Specifically, after the storage of the data to be stored is completed, the reference count corresponding to the data to be stored is also stored to the special storage location prepared by the object storage device; meanwhile, the metadata information of the data to be stored is also stored, and the metadata information includes various attributes such as fingerprint values of the data to be stored.

Specifically, when storing the fingerprint value, the 8K of metadata is stored first, and then the fingerprint value corresponding to the file is stored after the metadata. The metadata information of the metadata storage is stored in a cluster environment by taking 8K as an object and taking a file as a unit, for a 4MB data block, a 4088KB space is available for storing fingerprint data, SHA-1 is adopted as a fingerprint HASH algorithm, the size of one fingerprint is 20 bytes, and at this time, 209305 fingerprint values corresponding to 817GB data are stored.

It can be seen that, in the data management method based on the deduplication technology provided by this embodiment, the fingerprint value of the target data is calculated by the HASH algorithm; determining a storage position corresponding to the fingerprint value of the target data through CRUSH mapping; the uniqueness of the target data is determined by the fingerprint value, and the uniqueness of the storage position of the target data is further determined; then, the target data is used as data to be stored, and whether data exist in a storage position corresponding to the data to be stored is judged; because the data to be stored has a unique storage position, if the data is stored in the storage position, the data to be stored is indicated to be stored, the data to be stored is not stored any more, and the reference count corresponding to the data to be stored is increased by one; if the storage position does not store the data, indicating that the data to be stored is not stored, storing the data to be stored to a storage position corresponding to the data to be stored, setting a reference count corresponding to the data to be stored to be one, and finally storing first metadata information of the data to be stored, wherein the first metadata information comprises: fingerprint value of the data to be stored. Therefore, by the method, in the process of data storage, not only is the repeated storage of data avoided, but also the working efficiency is improved, and the storage space of the system is saved; meanwhile, based on the repeated data technology, the data management is realized in the field of distributed storage, the cost is saved, and the service life of a storage system is prolonged.

Referring to fig. 2, another data management method based on a deduplication technology provided in an embodiment of the present invention includes:

specifically, in this embodiment, before the target data is stored, it is first determined whether the second metadata information of the target data exists, that is, whether the target data is stored for the first time or stored again, so as to determine whether the current operation is to create a write or modify a write. If the second metadata information of the target data exists, the target data is not stored for the first time, the current operation is determined to be modification, and the step S22 is continuously executed; if the second metadata information of the target data does not exist, indicating that the target data is stored for the first time, step S11 is performed.

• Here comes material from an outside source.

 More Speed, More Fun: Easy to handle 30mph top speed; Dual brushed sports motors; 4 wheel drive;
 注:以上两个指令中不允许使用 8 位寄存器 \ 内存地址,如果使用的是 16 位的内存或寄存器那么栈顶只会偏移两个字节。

S22, acquiring the second metadata information;

specifically, the specific process of acquiring the second metadata information is as follows: the file system client acquires index information of the target number and acquires second metadata information from a metadata storage request; and the metadata storage acquires second metadata information according to the index information of the target data, wherein the second metadata information comprises a fingerprint value of the target data, and the fingerprint value is stored in a key value pair mode.

It should be noted that only the second metadata information is obtained here, and if the data content corresponding to a certain metadata is to be obtained, that is, the data is read, the client needs to obtain the index information of the data to be read, and request the metadata information from the metadata storage; the metadata storage acquires metadata information according to the index information, wherein the metadata information comprises fingerprint values of all objects forming the file and stored in a key value pair mode; rados reads data directly from the object storage device according to the data offset, data length, and fingerprint value. Thus, the data reading process is completed.

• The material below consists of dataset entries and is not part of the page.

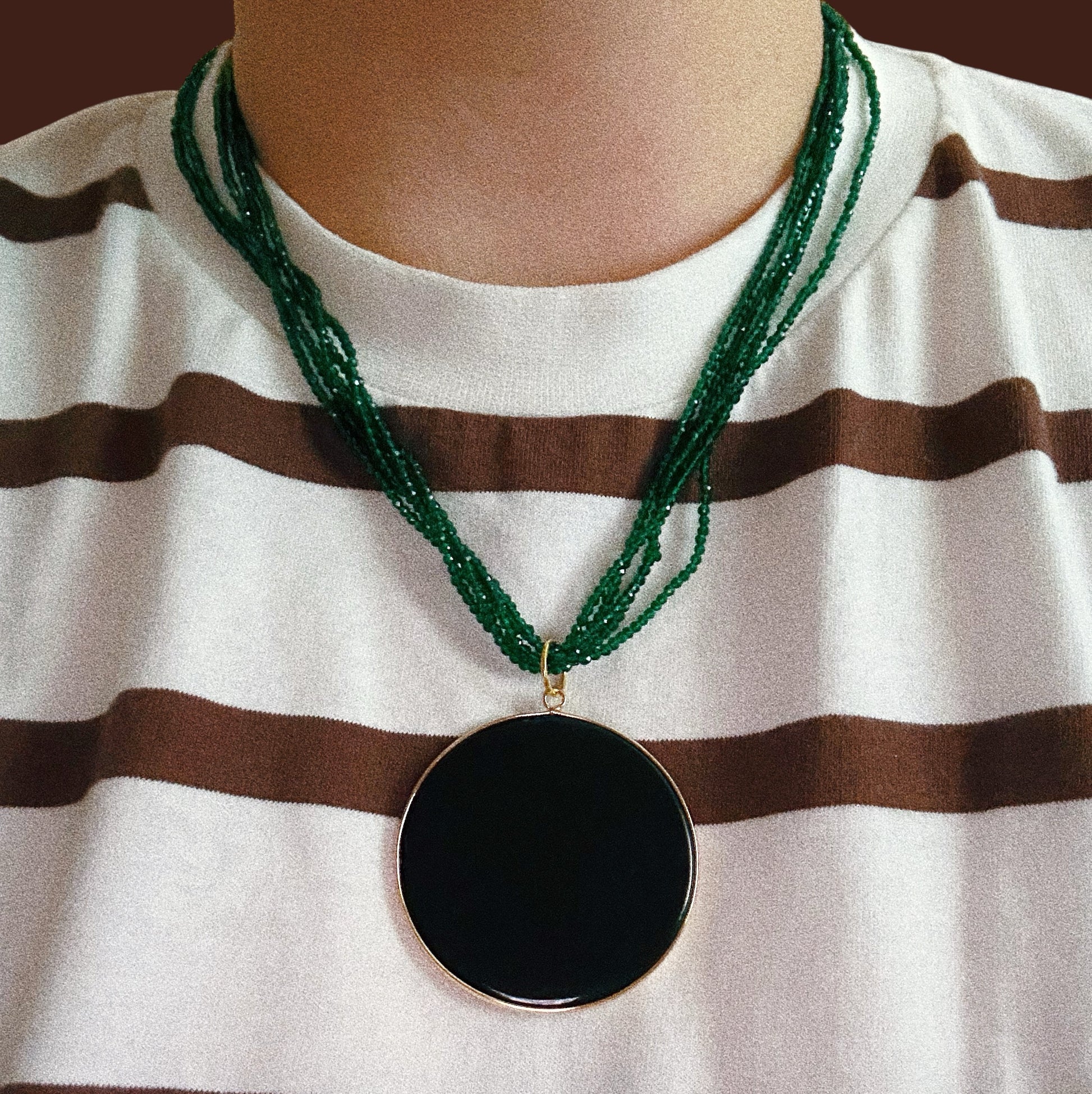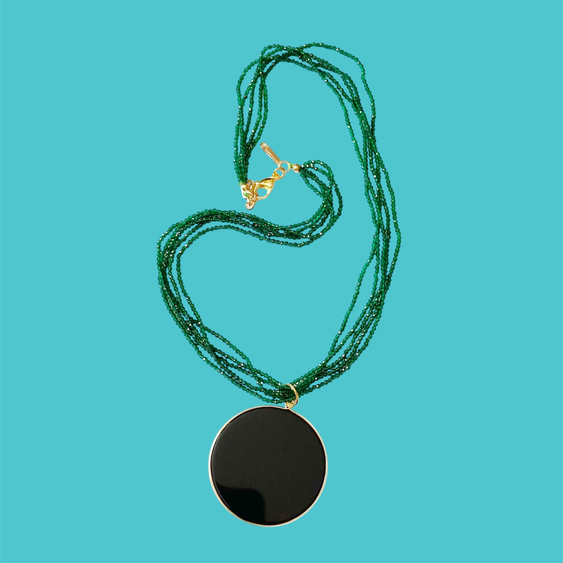 Style 5- Forest green beaded chain, Obsidian round pendant, gold plated stainless steel hardware.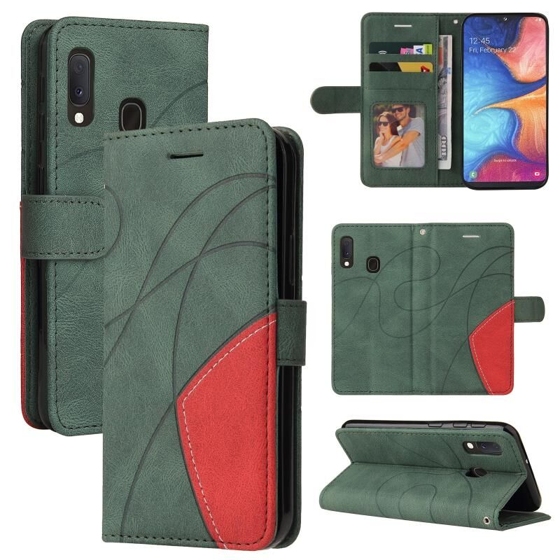 Για Samsung Galaxy A20e Διπλό χρώμα Splicing οριζόντια Flip PU δέρμα υπόθεση με θήκη & υποδοχές για κάρτες & πορτοφόλι (πράσινο)
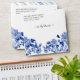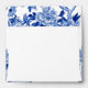 "Floral Asian Influence Navy Chinoiserie Square Wedding invitation envelope with return address, floral and bird pattern in navy blue and white inside." Elegant, hand painted artwork by internationally licensed artist, Audrey Jeanne Roberts, copyright.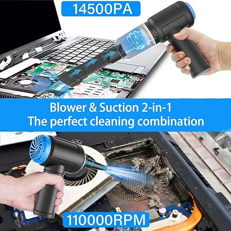 - Multiple accessories for different occasions:The accessories of this PC cleaner have at least 6 combinations, which can be used as keyboard cleaner, car interior cleaner. It can not only solve the dirt in hard-to-reach places, but also work on crevices or camera lens.(The blow nozzle and flexible hose are packed together, please don't miss it when you open the package).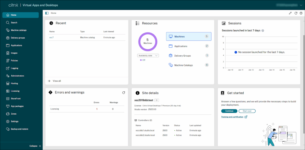 - Web Studio and Citrix Studio: Centralized consoles for configuring and managing the environment. They provide tools for workload creation, policy configuration, and license allocation.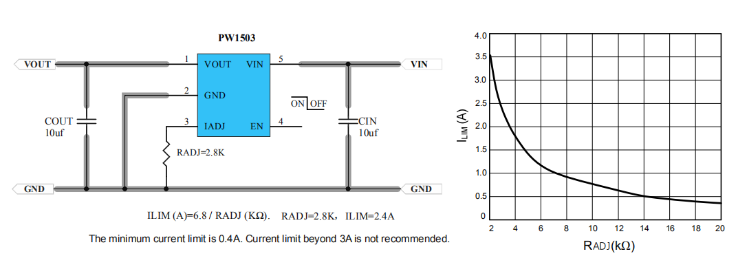 PW1503 是超低 RDS( ON)开关,具有可编程的电流限制,以保护电源源于过电流和短路情

specifically, after the second metadata information of the target data is obtained in step S22, it is necessary to determine whether the second metadata information is complete, that is, determine whether a fingerprint value exists in the second metadata information, and if a fingerprint value exists, continue to execute step S24; if there is no fingerprint value, step S11 is executed.

specifically, after determining that the fingerprint value exists in the second metadata information through the step S23, the length of the target data needs to be compared with the preset data length. Before comparing the data length, the target data is generally divided into sizes, and the specific process of dividing the sizes is similar to the above embodiment, and therefore is not described herein again.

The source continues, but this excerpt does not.